At the suggestion of Joachim Schrod, I removed the -O compiler option, and recompiled the source code: this eliminated the undefined symbol problem.

I used make -i to force the build past the compilation errors. However, this resulted in massive numbers of undefined symbols at link time, when the symbols are in fact defined in the SP libraries.

Compilation with the IBM native xlC compiler was successful, but the same kinds of link errors appeared as happened with the g++ build. I suspect an IBM linker error is the culprit. My suspicion, based on the error messages produced, is that the linker does not correctly handle the mangling of C++ names containing templates.

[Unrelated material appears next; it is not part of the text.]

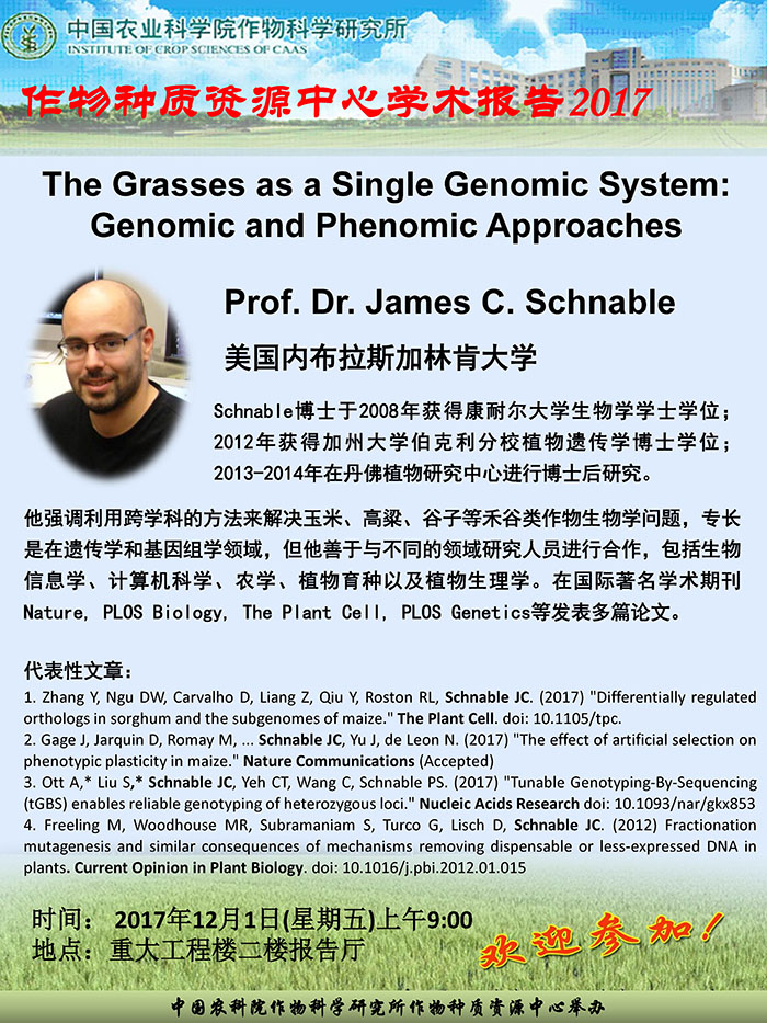 12月1日 James C. Schnable, The Grasses as a Single Genomic System: Genomic and Phenomic Approaches
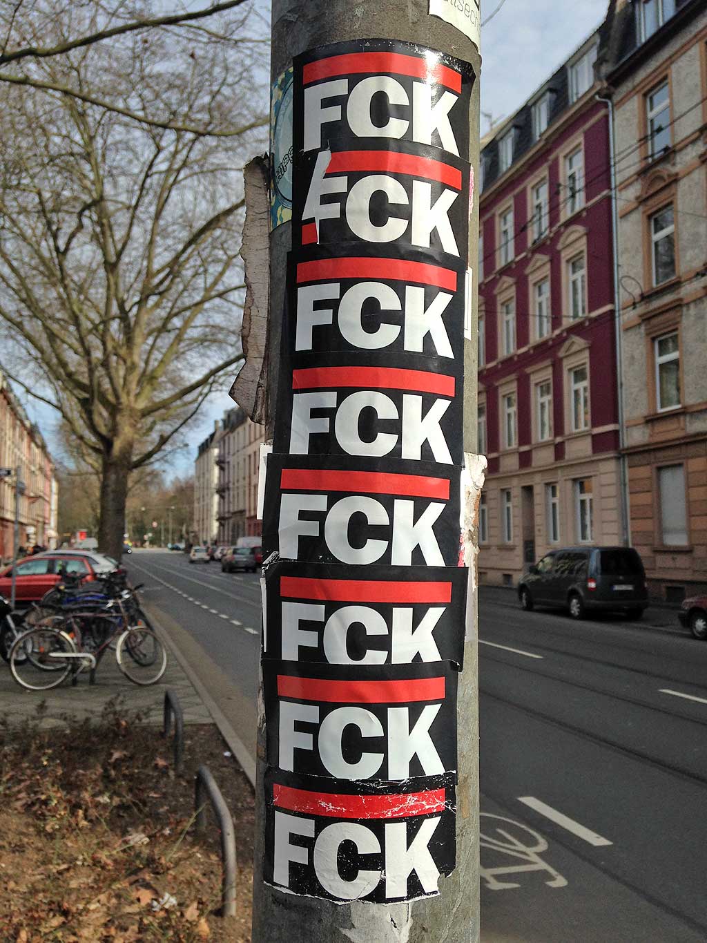 Im Jahr 2010 bin ich in Frankfurt innerhalb weniger Tage auf einige Abwandlungen des RUN-DMC-Logos aufmerksam geworden. Was zunächst vor allem als Aufkleber im öffentlichen Raum auftauchte, ließ sich später vereinzelt auch als T-Shirt entdecken. Irgendwann schien der Trend mit RUN vorbei zu sein, dann tauchten zunächst Don’t mess with […]-, und anschließend vermehrt FCK-Varianten auf. Auch hier galt: Roter Balken oben, roter Balken unten, in der Mitte ein weißer Text.

NeXT Turbostation Mach 3.0

An initial build attempt failed on this system, so just as on the DEC Alpha OSF/1 system, gcc and libg++ were completely removed from the system. I was able to build and install gcc 2.6.3 successfully, and the stage1 and stage2 validation tests passed successfully.

However, the build of libg++ 2.6.2 initially failed because of some minor problems that I was able to prepare workarounds for, and complete the build and installation. A report of the problems and their fixes has been sent to the libg++ developers. If you require the patches for this system, send e-mail to [email protected].

I modified the top-level SP Makefile to set RANLIB=ranlib. The build of SP then completed successfully, and make check passed all of the validation tests.

Silicon Graphics Indigo-2 IRIX 5.3

An initial build attempt failed on this system, so just as on the DEC Alpha OSF/1 system, gcc and libg++ were completely removed from the system, and then reinstalled. The build of SP then completed successfully with make CC=gcc CXX=g++ , and make check passed all of the validation tests.

I also tried a build using the vendor-provided C++ compiler, but it failed utterly because of the lack of template support in the compiler.

Sun SPARC SunOS 4.1.3 with gcc 2.6.2

The trick to a successful build of SP on this system is to make the simple patch in lib/assert.C described in the Silicon Graphics section above, and to make these Makefile changes:

LIBS=-liostream -lg++ $(XLIBS)
RANLIB=ranlib

Once these are done, the build will complete successfully, and so will the validation suite: make check.